Collected material:
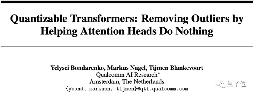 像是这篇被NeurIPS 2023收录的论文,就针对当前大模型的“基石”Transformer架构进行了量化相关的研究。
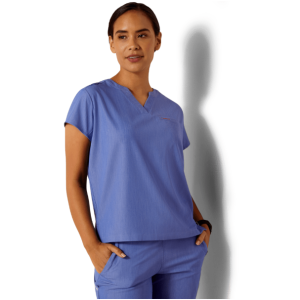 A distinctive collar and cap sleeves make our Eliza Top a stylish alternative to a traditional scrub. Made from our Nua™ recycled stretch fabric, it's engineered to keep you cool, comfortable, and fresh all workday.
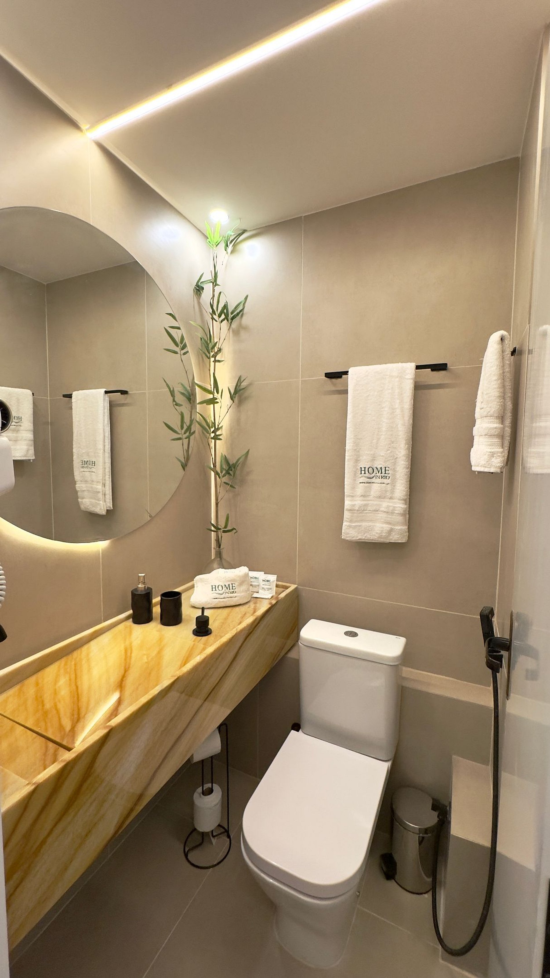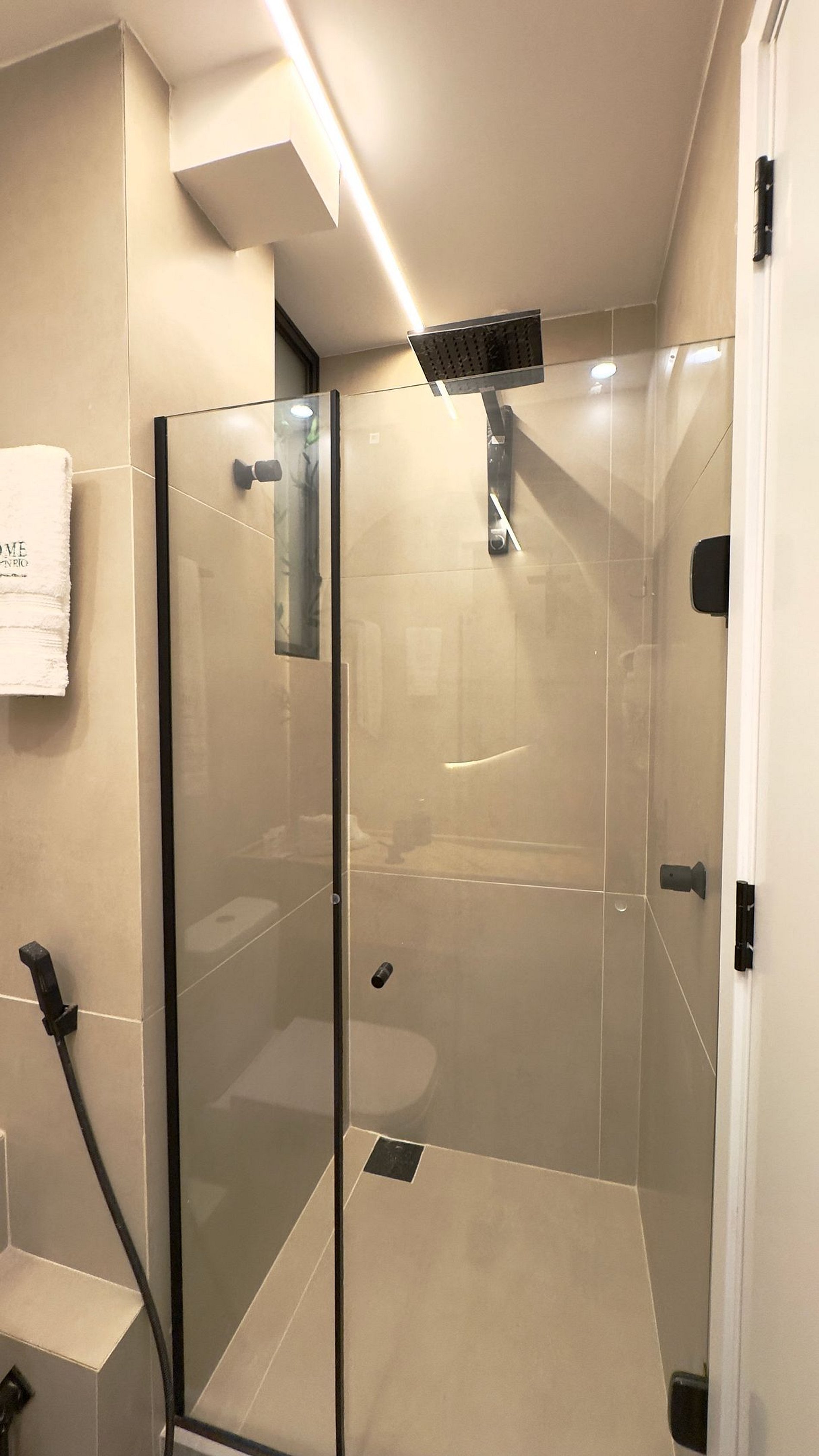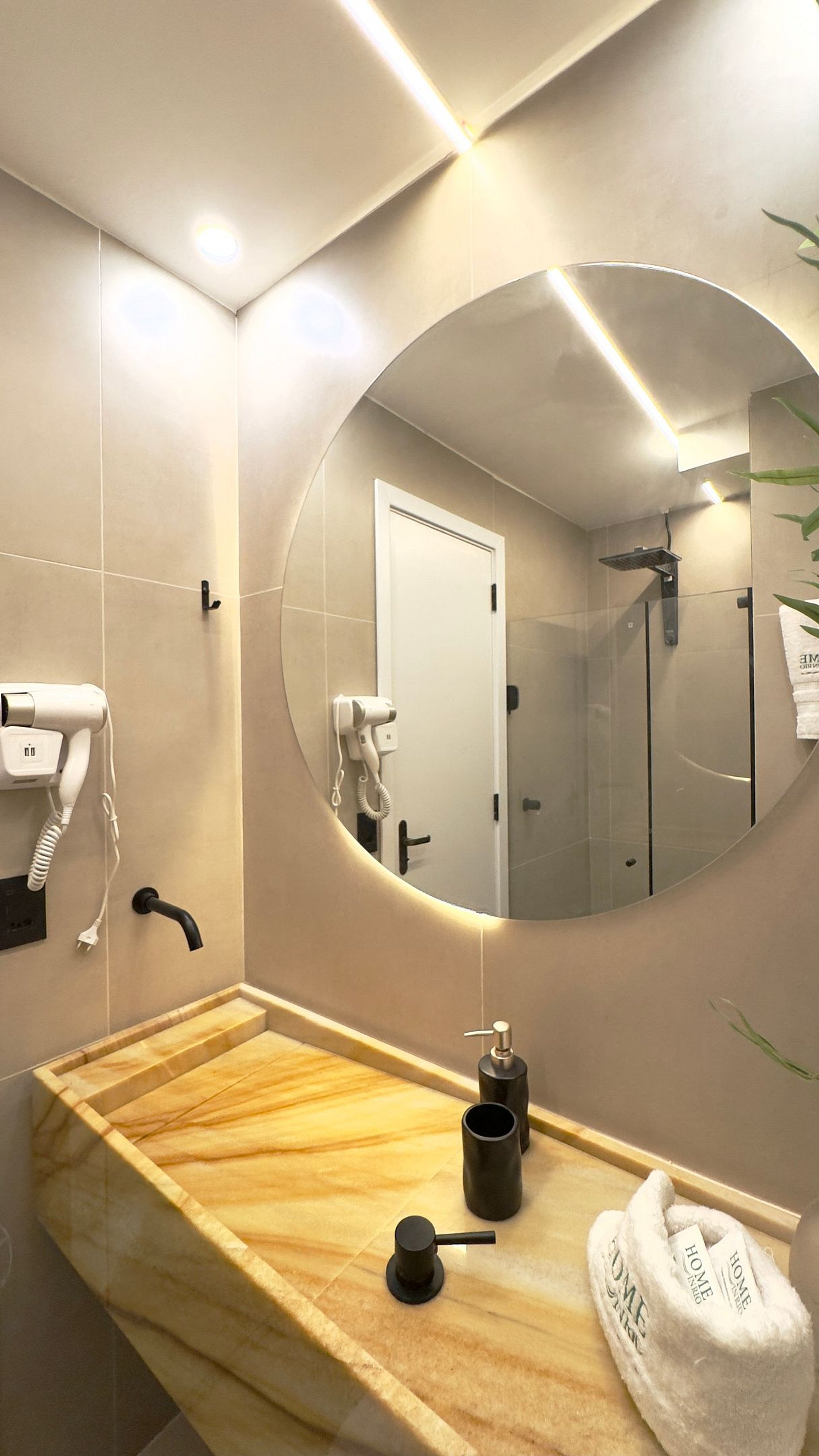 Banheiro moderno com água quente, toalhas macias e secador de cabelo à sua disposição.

Work item: Exclude every picture, then reproduce the remaining data character for character.

Solution to this problem:
 像是这篇被NeurIPS 2023收录的论文,就针对当前大模型的“基石”Transformer架构进行了量化相关的研究。
 A distinctive collar and cap sleeves make our Eliza Top a stylish alternative to a traditional scrub. Made from our Nua™ recycled stretch fabric, it's engineered to keep you cool, comfortable, and fresh all workday.
 Banheiro moderno com água quente, toalhas macias e secador de cabelo à sua disposição.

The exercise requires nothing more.